EXERCISE:
Apart from the pictures, every line below is to be set down exactly.

(Extracted records)
....................
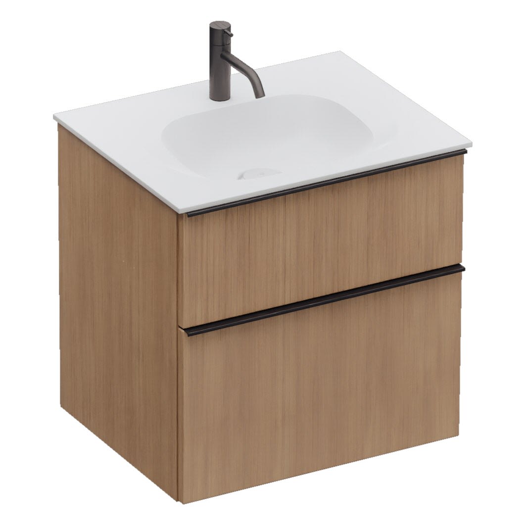 burgbad Fiumo 2.0 Mineralguss-Waschtisch mit Waschtischunterschrank 62 cm, mit Griff G0200
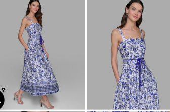 KARL LAGERFELD PARIS PRINTED MAXI DRESS WITH BELT
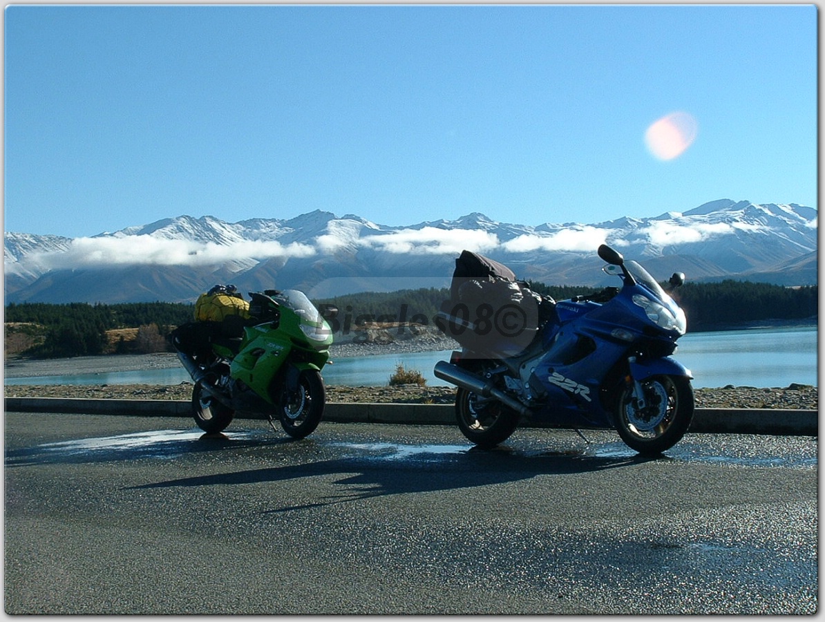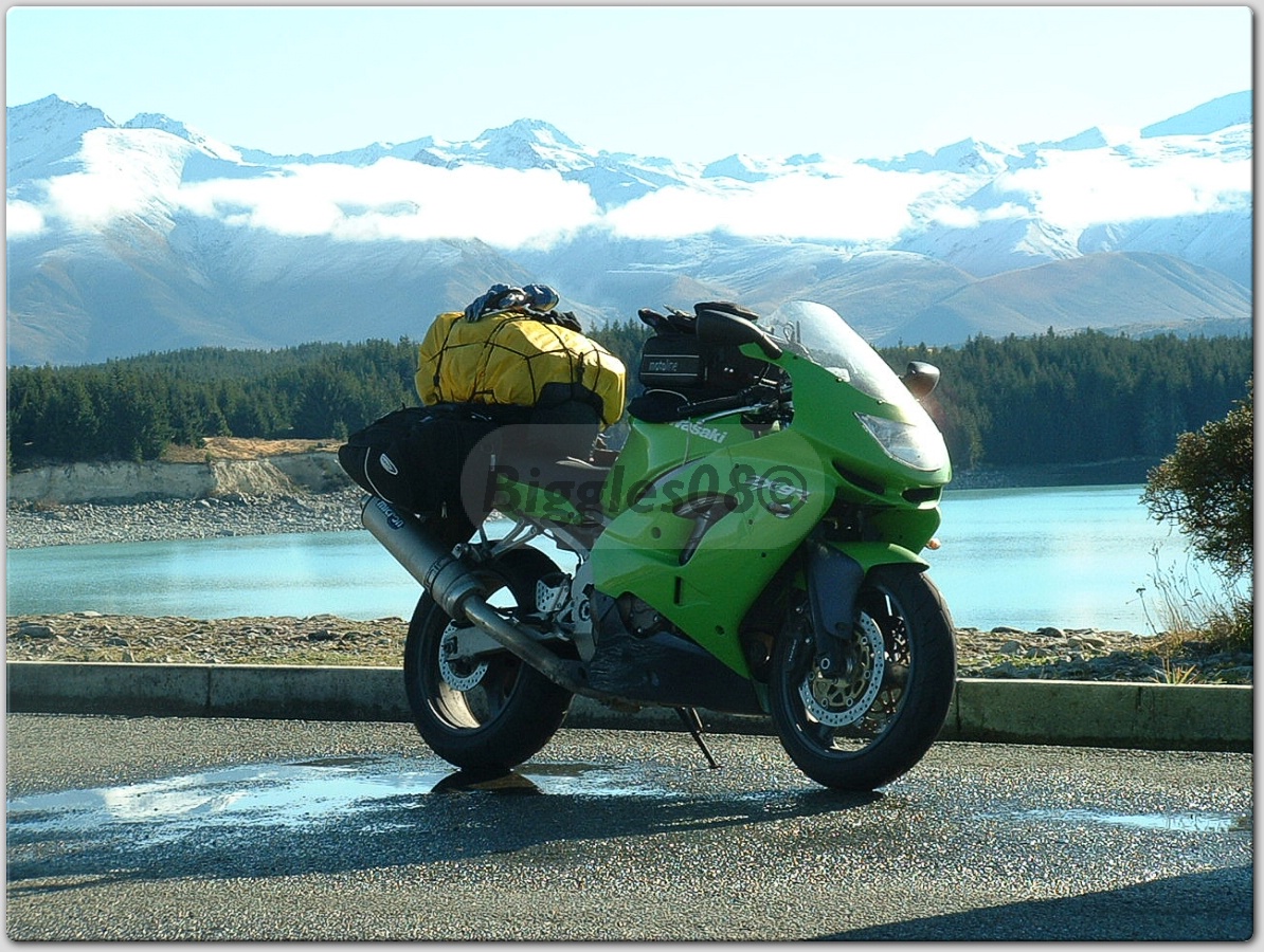 Now my bike...I've owned my 1998 C1 ZX9R for around 5 months now and spent quite some time on her (the bike folks....focus...move on now!!!) I have recently ridden to what's called "the brass monkey" held in central Otago in the SI of New Zealand...I live in Auckland. It performed awesome and I clocked up in excess of 3600km in that trip...good fun! I love feeling that punch in the mid range revs that turns into a knockout blow the higher the revs get...its got amazing power! I loaded her up with sports panniers and a tail bag and set out. I was traveling with my old man who was riding his ZZR1200 (Kwaka runs in our family's veins apparently ;-)) and we spent most of our time at 100kph...honestly...we were never cruising down the roads near lake Tekapo at between 220kph and 255kph honestly....officer...honest angel11.gif
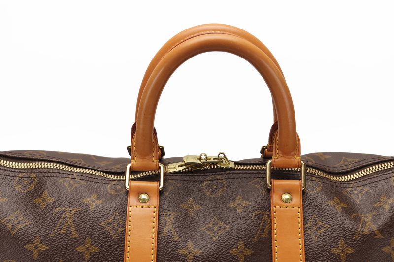 The Monogram canvas, renowned for its durability and timeless appeal, is in excellent condition, with no rips or cracks. The calf leather accents, which enhance the bag, have developed a natural honeyed patina, a characteristic feature of Louis Vuitton Pre-Loved pieces. The small marks and slight stains, the result of use, do not detract from the bag’s beauty; instead, they give it the unique character that only a vintage piece can possess. Each mark tells a part of its journey through time, making this Keepall 45 a unique and irreplaceable item.
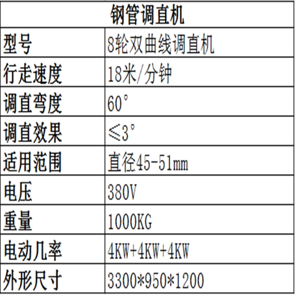 也可任意启动一个单独系统操作灵活方便、省时省力。钢管调直除锈机特点: 采用机械传动,结构合理性能稳定,操作方便? 运行平稳噪音低,底部设置4个移动轮子,方便移动? 机械速度快、马力高,可一次性完成钢管调直除锈刷漆多项操作? 调直后钢管表面无压痕、缩颈现象。? 对钢管无损伤拉长现象,省时、省力、高效、环保? 每分钟处理2条6米钢管,一天工作8小时处理量能高达30T左右。矫直机在进行使用的过程中其机体就会产生其微小的振动,在使用时一定要将机盖连接手柄拧紧,这样可以在一定程度上避免其事故的发生。钢管调直机是建筑钢管脚手架钢管的保养机 械,主要用于矫直修复在建筑施工中弯曲变形的脚手架钢管 、及其他管材。cm03调直后的钢管表面无压 痕﹑缩径现象,优于建设部制定的标准。除锈系统快速调直装置: 钢管调直一体机的除锈系统是经过多位工程师参考大量用户反馈信 息进行精心设计和反复试验而出的。用这个系统调节钢丝刷只需不到一分钟,而且非常方便无论是否熟练 ,调整钢丝刷的力度间距都可轻松操作,拆换钢丝刷更为方便,在机体外部进行而且钢丝刷不需要加工和 特别的工序要求,随处都可以买到。他的方便快捷是给广大用户节约成本.
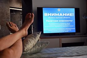 Ситуация в Курской области. Предупреждение жителям Курской области о ракетной опасности на экране…
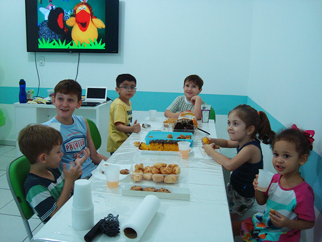 Nosso Dia das Crianças foi com muito aprendizado e diversão! As crianças aprenderam seus direitos, fizemos um lanche compartilhado delicioso, brincamos de bingo e depois assistimos ao filme ‘Sing’.
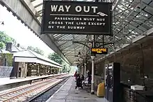 The station has a staffed ticket office, waiting rooms, toilets and a cafe.[7][8] New lifts have been installed to make both platforms fully accessible (commissioned in March 2019),[9] and Information screens were installed in 2012 as part of a programme to provide screens at 18 stations on the Calder Valley Line and elsewhere in West Yorkshire.[10] Previously, passengers had to rely on automated public-address system announcements.
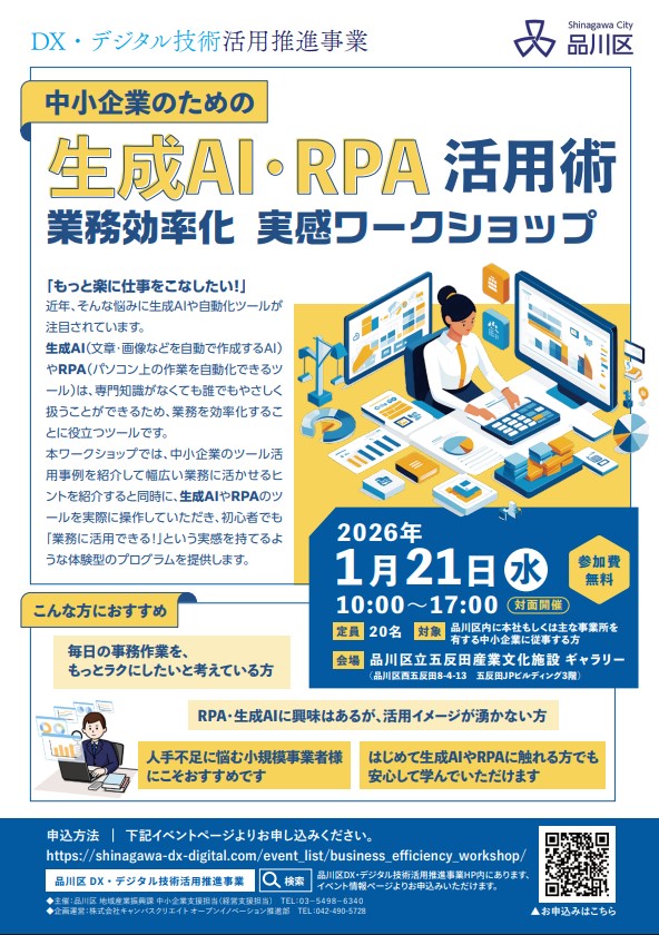 本ワークショップでは、中小企業のツール活用事例を紹介して幅広い業務に活かせるヒントを紹介すると同時に、
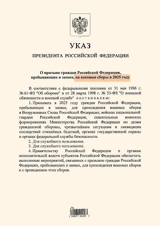 Президент РФ Владимир Путин подписал указ о призыве на военные сборы в 2025 году россиян, пребывающих в запасе.
....................
RESPONSE BOX:
 burgbad Fiumo 2.0 Mineralguss-Waschtisch mit Waschtischunterschrank 62 cm, mit Griff G0200
 KARL LAGERFELD PARIS PRINTED MAXI DRESS WITH BELT
 Now my bike...I've owned my 1998 C1 ZX9R for around 5 months now and spent quite some time on her (the bike folks....focus...move on now!!!) I have recently ridden to what's called "the brass monkey" held in central Otago in the SI of New Zealand...I live in Auckland. It performed awesome and I clocked up in excess of 3600km in that trip...good fun! I love feeling that punch in the mid range revs that turns into a knockout blow the higher the revs get...its got amazing power! I loaded her up with sports panniers and a tail bag and set out. I was traveling with my old man who was riding his ZZR1200 (Kwaka runs in our family's veins apparently ;-)) and we spent most of our time at 100kph...honestly...we were never cruising down the roads near lake Tekapo at between 220kph and 255kph honestly....officer...honest angel11.gif
 The Monogram canvas, renowned for its durability and timeless appeal, is in excellent condition, with no rips or cracks. The calf leather accents, which enhance the bag, have developed a natural honeyed patina, a characteristic feature of Louis Vuitton Pre-Loved pieces. The small marks and slight stains, the result of use, do not detract from the bag’s beauty; instead, they give it the unique character that only a vintage piece can possess. Each mark tells a part of its journey through time, making this Keepall 45 a unique and irreplaceable item.
 也可任意启动一个单独系统操作灵活方便、省时省力。钢管调直除锈机特点: 采用机械传动,结构合理性能稳定,操作方便? 运行平稳噪音低,底部设置4个移动轮子,方便移动? 机械速度快、马力高,可一次性完成钢管调直除锈刷漆多项操作? 调直后钢管表面无压痕、缩颈现象。? 对钢管无损伤拉长现象,省时、省力、高效、环保? 每分钟处理2条6米钢管,一天工作8小时处理量能高达30T左右。矫直机在进行使用的过程中其机体就会产生其微小的振动,在使用时一定要将机盖连接手柄拧紧,这样可以在一定程度上避免其事故的发生。钢管调直机是建筑钢管脚手架钢管的保养机 械,主要用于矫直修复在建筑施工中弯曲变形的脚手架钢管 、及其他管材。cm03调直后的钢管表面无压 痕﹑缩径现象,优于建设部制定的标准。除锈系统快速调直装置: 钢管调直一体机的除锈系统是经过多位工程师参考大量用户反馈信 息进行精心设计和反复试验而出的。用这个系统调节钢丝刷只需不到一分钟,而且非常方便无论是否熟练 ,调整钢丝刷的力度间距都可轻松操作,拆换钢丝刷更为方便,在机体外部进行而且钢丝刷不需要加工和 特别的工序要求,随处都可以买到。他的方便快捷是给广大用户节约成本.
 Ситуация в Курской области. Предупреждение жителям Курской области о ракетной опасности на экране…
 Nosso Dia das Crianças foi com muito aprendizado e diversão! As crianças aprenderam seus direitos, fizemos um lanche compartilhado delicioso, brincamos de bingo e depois assistimos ao filme ‘Sing’.
 The station has a staffed ticket office, waiting rooms, toilets and a cafe.[7][8] New lifts have been installed to make both platforms fully accessible (commissioned in March 2019),[9] and Information screens were installed in 2012 as part of a programme to provide screens at 18 stations on the Calder Valley Line and elsewhere in West Yorkshire.[10] Previously, passengers had to rely on automated public-address system announcements.
 本ワークショップでは、中小企業のツール活用事例を紹介して幅広い業務に活かせるヒントを紹介すると同時に、
 Президент РФ Владимир Путин подписал указ о призыве на военные сборы в 2025 году россиян, пребывающих в запасе.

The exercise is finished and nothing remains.